At Manna House we offer hospitality to the demonized. The people who come to Manna House as guests carry labels that demonize them. They are “homeless.” “Crackheads” “Crazy.” “Panhandlers.” “Lazy.” “Dangerous.” “Drunks.” “Addicts.” And some are given derogatory slang names that demonize them for being “Queer,” or “Trans.” The demonizing makes it easy to blame them for being on the streets. They are at fault, not the lousy economic and political systems that favor the powerful, not the churches, not any of us who are hard-working, responsible, clean-living people.
Going right along with demonizing those on the streets is the theologically sanctioned demonizing distinction between the “saved” and the “damned.” Those on the streets are damned and need to be saved. Thus the “rescue missions” that dot urban centers. Get saved and get off the streets.
I started down this line of reflection in response to Fr. Gregory Boyle who wrote, “Jesus stands with the demonized until the demonizing stops.” Boyle rightly sees that Jesus rejects the demonizing and asserts a divinizing of the damned. In a biblical passage that is central for the practice of hospitality, Jesus goes so far as to say, “whatever you do unto the least of these [the damned], you do unto me” (Matthew 25:31-46).
As I was having these high thoughts on Thursday morning before Manna House opened, I was interrupted by a woman’s voice, not melodious but grating like fingernails on a chalk board. Her voice shattered my meditation with her complaint, “Pete! Pete! There’s a man in a green shirt bothering me. Make him stop!”
The pecking order even among the demonized was alive and well on the front porch. At the low end of that order is this particular guest. She is a lightening-rod for harassment. It is a rare morning when she does not make a complaint that someone is bothering her. She is always ready to take umbrage at what is said around her. She is the “Karen” of Manna House.
And other guests, like the man in the green shirt, know this, and some of them, like him, find it humorous to stir her up. They take pleasure in her anger and her denunciations.
I admit that I find her hard to take as well.
So, at 6:30 in the morning, ninety minutes before Manna House opens, during my morning prayer time, with her voice coming through the open window in the laundry room, I am tempted to respond, “Damn you, can’t you sit quietly on the front porch and leave each other alone?”
But instead, I reluctantly go to the front door and step onto the porch and say to everyone gathered there, “How about we all live in peace until we open?” That is my meager hospitality to the demonized at this moment. Then I walk back inside. I hear no more commotion and no more complaints.
I find it as easy as anyone to demonize those I disagree with or whom I find too different from me. When I offer hospitality to the damned, I do so as one who has not been saved. I remain all too willing to damn others. I resonate with St. Paul’s statement, “None are righteous, no not one” (Romans3:10). For Paul, this was to undercut self-righteousness based upon the claim to be saved; a claim used to exclude and demonize those deemed “not saved.”

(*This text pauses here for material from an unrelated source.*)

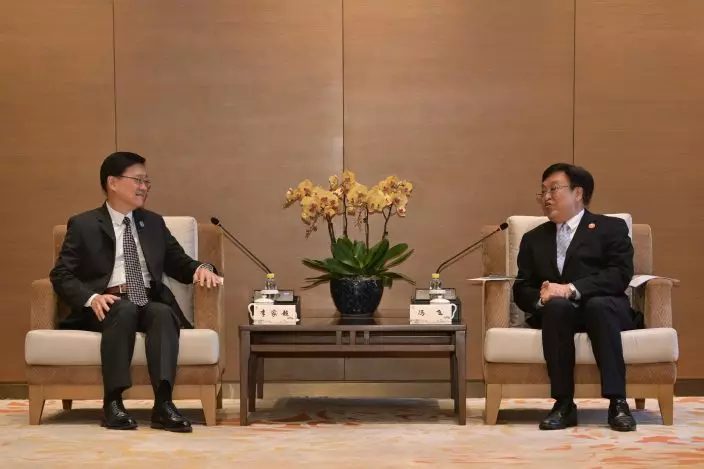 The Chief Executive, Mr John Lee (left), meets with Standing Committee Member of the CPC Hainan Provincial Committee and Secretary of the CPC Haikou Municipal Committee, Mr Fan Shaojun (right), in Hainan today (March 25). Source: HKSAR Government Press Releases

Hospitality teaches a different way from dividing people into “saved” and “unsaved,” between “godly” and “ungodly.” When we practice hospitality, like Jesus, we recognize that we are all in this together, that we are all broken and in need of healing, that all of us need compassion, respect, love.
If there is any salvation for any of us (the very word “salvation” comes from “salve” which means to heal), it is in the gracious healing of our mutual love for each other. We are all made in God’s image, all people for whom Jesus lived and died and rose from the dead, all people to whom God offers grace.
In Jesus, God stands with the demonized, until there are no more demonized. And if I am going to follow Jesus, that is my call too, especially with those I find most difficult and damnable, like the man in the green shirt and the woman on the front porch this morning.